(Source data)
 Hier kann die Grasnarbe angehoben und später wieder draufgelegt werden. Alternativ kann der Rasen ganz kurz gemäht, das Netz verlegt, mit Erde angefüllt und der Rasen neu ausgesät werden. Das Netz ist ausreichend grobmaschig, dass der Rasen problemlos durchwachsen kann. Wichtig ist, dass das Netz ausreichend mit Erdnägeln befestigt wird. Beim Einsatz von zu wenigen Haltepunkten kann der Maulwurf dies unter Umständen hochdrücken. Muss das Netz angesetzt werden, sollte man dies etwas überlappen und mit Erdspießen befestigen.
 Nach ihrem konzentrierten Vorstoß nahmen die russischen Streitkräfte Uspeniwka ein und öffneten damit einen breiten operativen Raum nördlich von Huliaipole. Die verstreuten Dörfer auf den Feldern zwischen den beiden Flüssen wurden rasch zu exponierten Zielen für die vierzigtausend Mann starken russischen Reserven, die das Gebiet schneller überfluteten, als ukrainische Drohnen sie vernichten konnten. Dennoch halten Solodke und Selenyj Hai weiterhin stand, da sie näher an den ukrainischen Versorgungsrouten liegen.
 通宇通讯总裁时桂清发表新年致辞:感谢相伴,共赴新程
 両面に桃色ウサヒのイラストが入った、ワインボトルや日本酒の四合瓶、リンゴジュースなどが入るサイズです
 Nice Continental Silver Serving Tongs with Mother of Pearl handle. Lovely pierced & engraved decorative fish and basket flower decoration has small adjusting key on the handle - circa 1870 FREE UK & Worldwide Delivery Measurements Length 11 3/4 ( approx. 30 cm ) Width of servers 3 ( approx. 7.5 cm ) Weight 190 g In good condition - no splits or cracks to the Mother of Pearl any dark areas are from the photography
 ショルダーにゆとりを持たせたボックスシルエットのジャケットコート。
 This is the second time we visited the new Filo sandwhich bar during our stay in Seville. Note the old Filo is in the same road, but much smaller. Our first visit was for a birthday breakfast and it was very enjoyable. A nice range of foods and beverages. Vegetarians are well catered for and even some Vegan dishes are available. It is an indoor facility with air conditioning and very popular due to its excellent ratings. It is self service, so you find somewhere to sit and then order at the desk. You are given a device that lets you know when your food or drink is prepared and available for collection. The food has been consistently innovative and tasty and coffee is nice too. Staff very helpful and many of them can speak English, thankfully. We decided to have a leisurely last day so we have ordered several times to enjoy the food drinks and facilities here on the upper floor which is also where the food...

Required action: The data above should be reproduced in full and exactly.

Exercise result:
 Hier kann die Grasnarbe angehoben und später wieder draufgelegt werden. Alternativ kann der Rasen ganz kurz gemäht, das Netz verlegt, mit Erde angefüllt und der Rasen neu ausgesät werden. Das Netz ist ausreichend grobmaschig, dass der Rasen problemlos durchwachsen kann. Wichtig ist, dass das Netz ausreichend mit Erdnägeln befestigt wird. Beim Einsatz von zu wenigen Haltepunkten kann der Maulwurf dies unter Umständen hochdrücken. Muss das Netz angesetzt werden, sollte man dies etwas überlappen und mit Erdspießen befestigen.
 Nach ihrem konzentrierten Vorstoß nahmen die russischen Streitkräfte Uspeniwka ein und öffneten damit einen breiten operativen Raum nördlich von Huliaipole. Die verstreuten Dörfer auf den Feldern zwischen den beiden Flüssen wurden rasch zu exponierten Zielen für die vierzigtausend Mann starken russischen Reserven, die das Gebiet schneller überfluteten, als ukrainische Drohnen sie vernichten konnten. Dennoch halten Solodke und Selenyj Hai weiterhin stand, da sie näher an den ukrainischen Versorgungsrouten liegen.
 通宇通讯总裁时桂清发表新年致辞:感谢相伴,共赴新程
 両面に桃色ウサヒのイラストが入った、ワインボトルや日本酒の四合瓶、リンゴジュースなどが入るサイズです
 Nice Continental Silver Serving Tongs with Mother of Pearl handle. Lovely pierced & engraved decorative fish and basket flower decoration has small adjusting key on the handle - circa 1870 FREE UK & Worldwide Delivery Measurements Length 11 3/4 ( approx. 30 cm ) Width of servers 3 ( approx. 7.5 cm ) Weight 190 g In good condition - no splits or cracks to the Mother of Pearl any dark areas are from the photography
 ショルダーにゆとりを持たせたボックスシルエットのジャケットコート。
 This is the second time we visited the new Filo sandwhich bar during our stay in Seville. Note the old Filo is in the same road, but much smaller. Our first visit was for a birthday breakfast and it was very enjoyable. A nice range of foods and beverages. Vegetarians are well catered for and even some Vegan dishes are available. It is an indoor facility with air conditioning and very popular due to its excellent ratings. It is self service, so you find somewhere to sit and then order at the desk. You are given a device that lets you know when your food or drink is prepared and available for collection. The food has been consistently innovative and tasty and coffee is nice too. Staff very helpful and many of them can speak English, thankfully. We decided to have a leisurely last day so we have ordered several times to enjoy the food drinks and facilities here on the upper floor which is also where the food...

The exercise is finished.